The National Eye Institute Visual Function Questionnaire (NEI VFQ-25) measures the functional status of individuals in key vision areas that are associated with quality of life. The Psychosocial Impact of Assistive Devices Scale (PIADS) is an instrument that measures the psychosocial impact of assistive device intervention in three quality of life domains: competence, adaptability, and self-esteem.
68 participants were obtained from an ongoing parent study. These participants were recruited through the Low Vision Clinic at the University of Waterloo. They had a primary diagnosis of age-related macular degeneration (ARMD) and were obtaining a CCTV system for the first time. Assessments from the parent study used in this thesis included follow-up from 2 weeks, 1 month, 3 months, and 6 months post-adoption of the CCTV. The two tests administered were to measure functional vision status (NEI VFQ-25) and perceived psychosocial impact (PIADS), according the framework outlined by the Consortium for Assistive Technology Outcomes Research (CATOR).

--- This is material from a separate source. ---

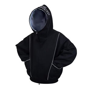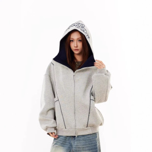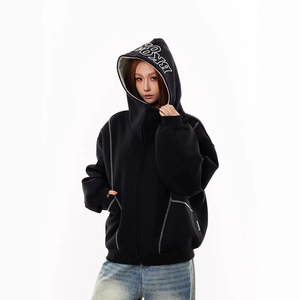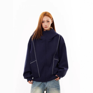 复古半高领开衫卫衣连帽女秋冬季廓形明线慵懒风百搭嘻哈拉链外套

Multivariate repeated-measures ANVOA results confirmed that CCTV systems have an immediate and robust effect on the daily visual functioning of their users, and that this effect is stable over long periods of device use. The psychosocial impact of CCTV device use peaks in the shorter term and then seems to wane in the longer term for reasons that are not yet understood.
The NEI VFQ-25 and the PIADS appear to have differential sensitivity to important influences on low vision rehabilitation outcomes. This project has demonstrated the value of longitudinal outcomes research in low vision rehabilitation. After obtaining a CCTV, visual function status remains static while psychosocial impact is dynamic during 6-months of follow-up.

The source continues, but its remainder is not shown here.